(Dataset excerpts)

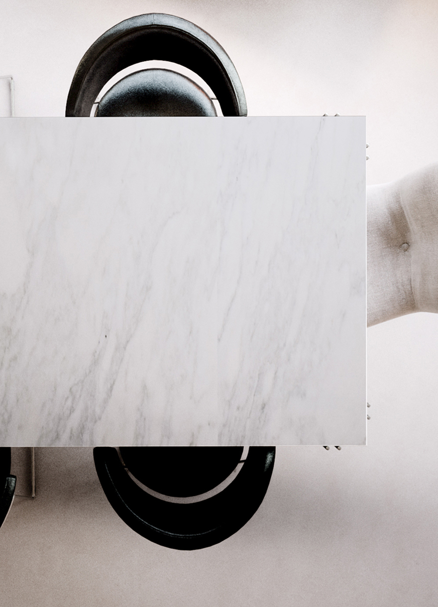 La struttura particolarmente leggera e solida è perfettamente adatta all’uso esterno. Il piano è realizzato in tre diversi materiali, Legno di Quercia, Marmo Calacatta e Cristallo Temperato Ultra Chiaro, tutti i piani hanno uno spessore di 25mm.
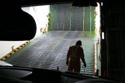 八戸港にはAM7時30分、定刻どおり到着。我々の車が降車の順番1番、目の前の船底が開き
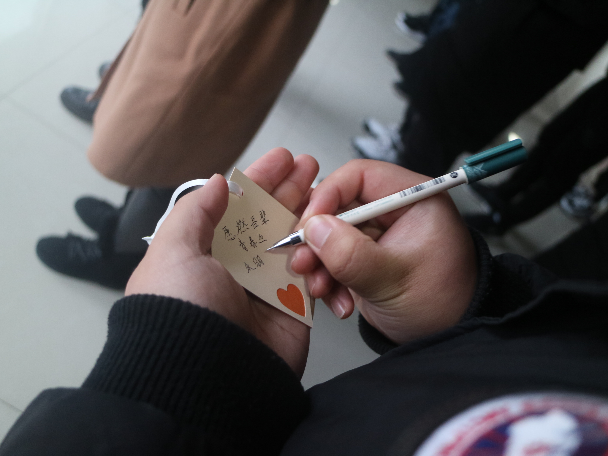 在研发楼一楼举办了“卡片寄语寄人思”主题活动。同学们有序地献上白花表达对逝者的敬意。党员示范岗的同学向大家介绍了图片展上照片背后的故事,带领同学们回顾那一段腥风血雨的历史,悲恸的情绪让大家拿起笔在卡片上写下对过去的缅怀和对未来的期望,最后大家举起右手庄严宣誓。
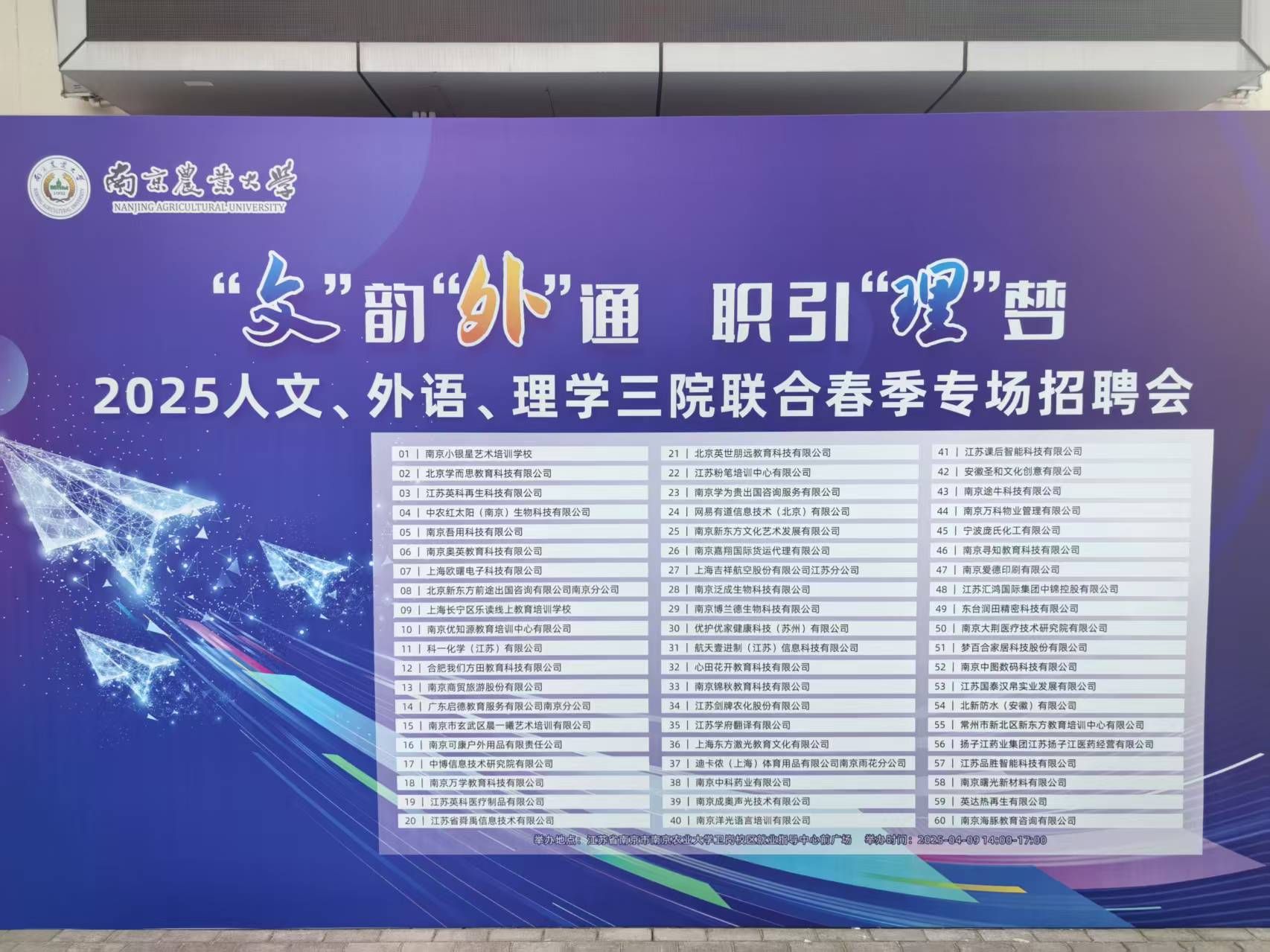 本场招聘会共邀请了60家企业,包括中农红太阳(南京)生物科技有限公司、网易有道信息技术(北京)有限公司、南京新东方文化艺术发展有限公司、南京中科药业有限公司、南京途牛科技有限公司等,覆盖领域包括国际业务、数据分析、供应链、跨境电商、文化教育等方面,为即将毕业步入社会的学生们提供了丰富多元的就业机会。受邀企业通过此次招聘会,广纳贤才,为企业发展增添新生力量。
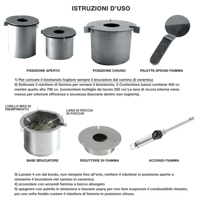 Niente di più semplice, basta versare il bioetanolo nel bruciatore e dar fuoco tramite un accendino piezoelettrico (quelli lunghi da cucina).
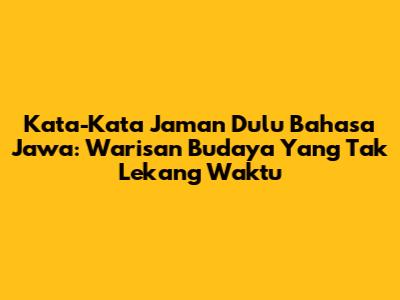 Kata-Kata Jaman Dulu Bahasa Jawa: Warisan Budaya Yang Tak Lekang Waktu
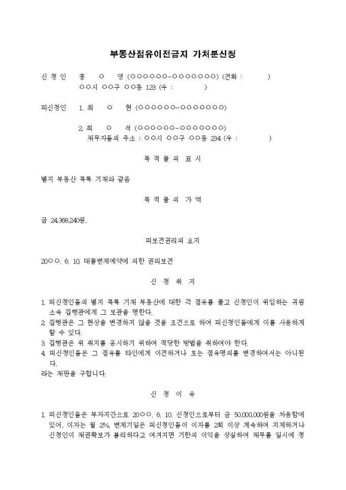 9,000원/월부동산점유이전금지 가처분신청서(대물변제예약에 의한 권리보전, 채무자보관형)입니다.
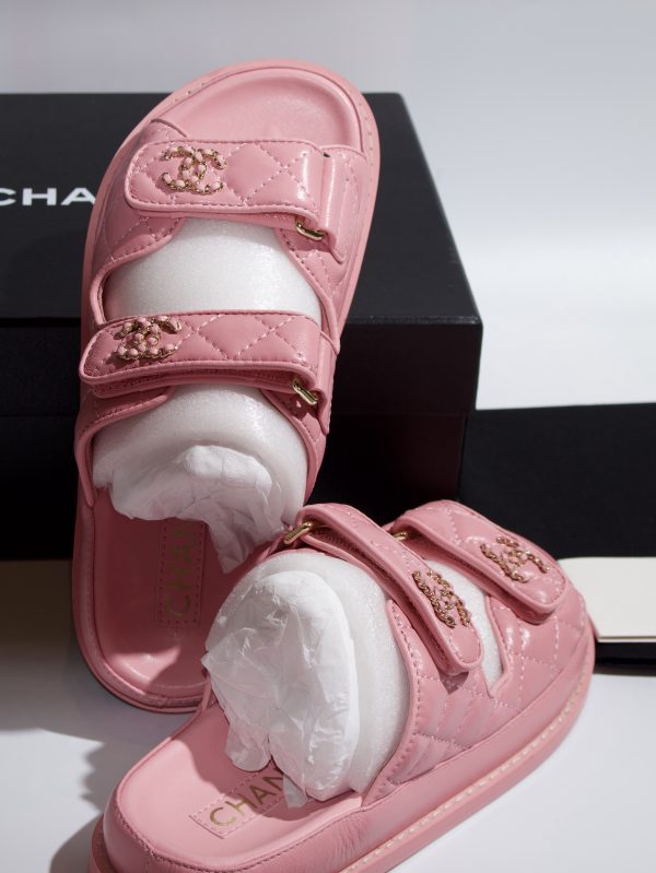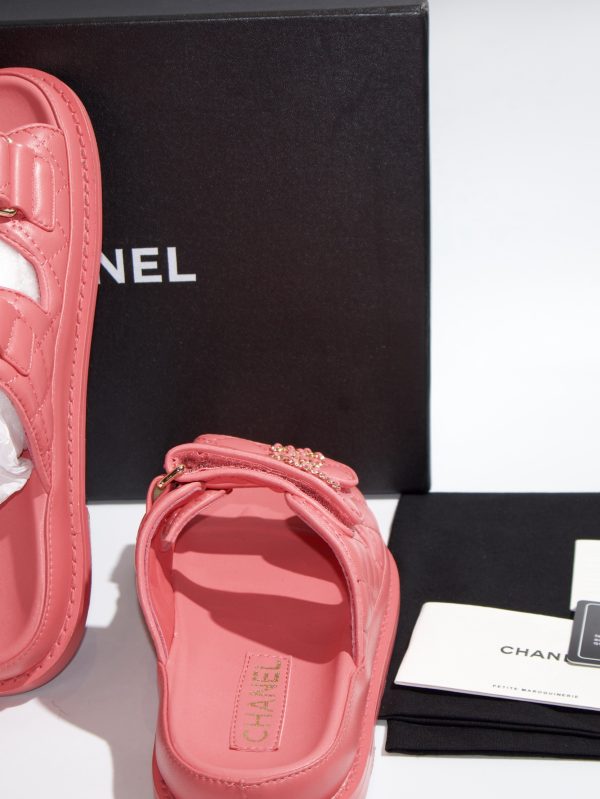 CHANEL LEATHER BACKLESS CC 'DAD' SANDALS (pink) size (5)UK size
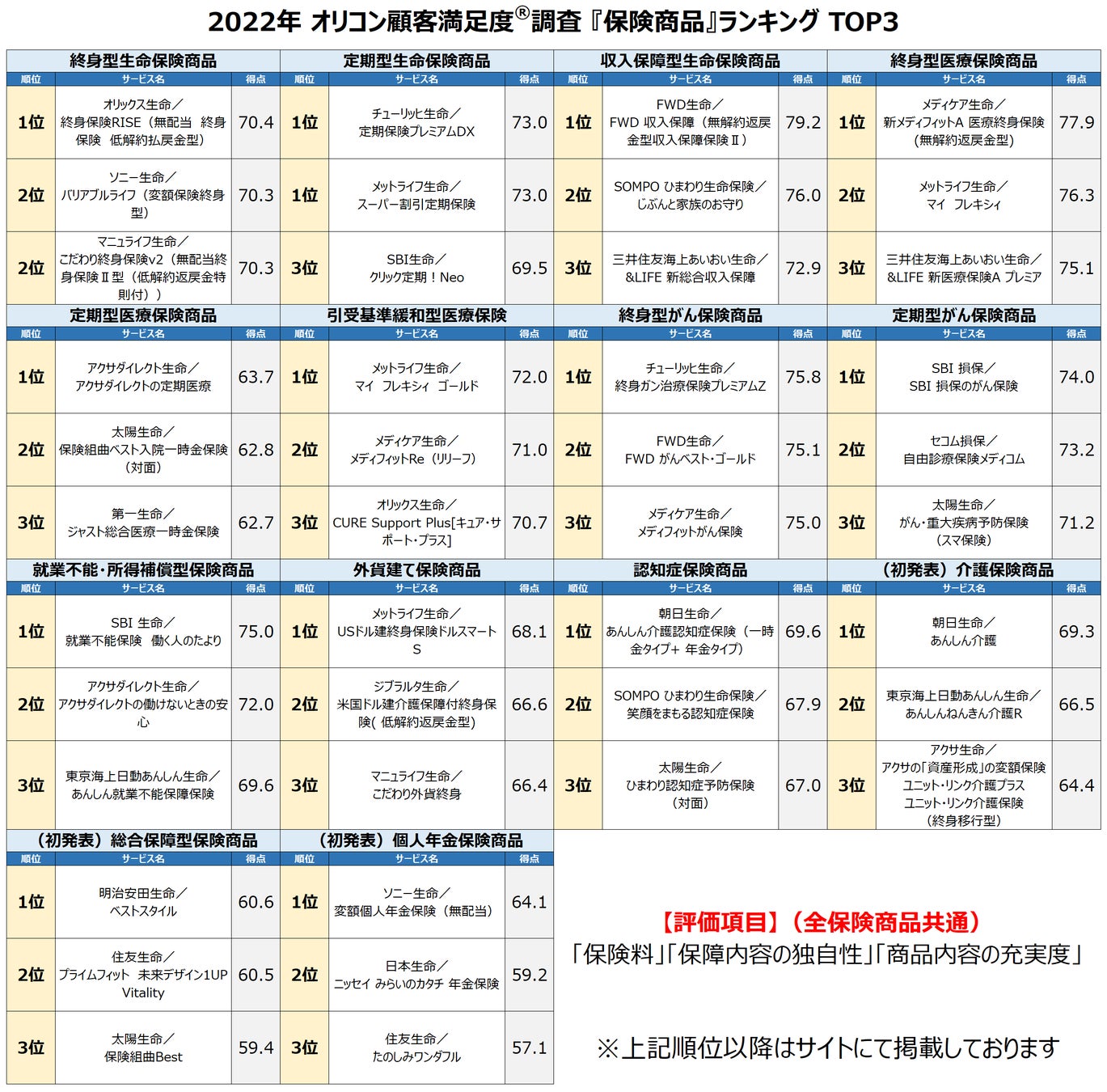 2022年 ファイナンシャルプランナー30人が評価した『保険商品』14ランキングを発表(オリコン顧客満足度調査)
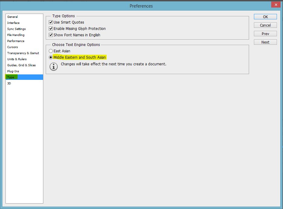 سوف تظهر صفحة كما فى الصورة التى فى الاعلى فى القائمة الجانية سوف تختار خيار Type كما موضح فى الصورة و عبدها اختيار Middle eastem and south asian و بعد الانتهاء سوف تقوم بالضغط على ok و اغلاق الفوتوشوب بشكل كامل و اعادة تشغيله مرة اخرى و تجربة الكتابة سوف تعمل بشكل طبيعى يمكنك ايضاً مشاهدة الشرح فيديو .
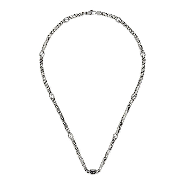 Gucci Interlocking Silver & Black Enamel Gourmette Necklace

▶ **EXERCISE**
Only what runs from the line holding "本场招聘会共邀请了60家企业" through the end of the entries above is to be given again, exactly, with every picture omitted.

▶ **PROBLEM SOLUTION**
 本场招聘会共邀请了60家企业,包括中农红太阳(南京)生物科技有限公司、网易有道信息技术(北京)有限公司、南京新东方文化艺术发展有限公司、南京中科药业有限公司、南京途牛科技有限公司等,覆盖领域包括国际业务、数据分析、供应链、跨境电商、文化教育等方面,为即将毕业步入社会的学生们提供了丰富多元的就业机会。受邀企业通过此次招聘会,广纳贤才,为企业发展增添新生力量。
 Niente di più semplice, basta versare il bioetanolo nel bruciatore e dar fuoco tramite un accendino piezoelettrico (quelli lunghi da cucina).
 Kata-Kata Jaman Dulu Bahasa Jawa: Warisan Budaya Yang Tak Lekang Waktu
 9,000원/월부동산점유이전금지 가처분신청서(대물변제예약에 의한 권리보전, 채무자보관형)입니다.
 CHANEL LEATHER BACKLESS CC 'DAD' SANDALS (pink) size (5)UK size
 2022年 ファイナンシャルプランナー30人が評価した『保険商品』14ランキングを発表(オリコン顧客満足度調査)
 سوف تظهر صفحة كما فى الصورة التى فى الاعلى فى القائمة الجانية سوف تختار خيار Type كما موضح فى الصورة و عبدها اختيار Middle eastem and south asian و بعد الانتهاء سوف تقوم بالضغط على ok و اغلاق الفوتوشوب بشكل كامل و اعادة تشغيله مرة اخرى و تجربة الكتابة سوف تعمل بشكل طبيعى يمكنك ايضاً مشاهدة الشرح فيديو .
 Gucci Interlocking Silver & Black Enamel Gourmette Necklace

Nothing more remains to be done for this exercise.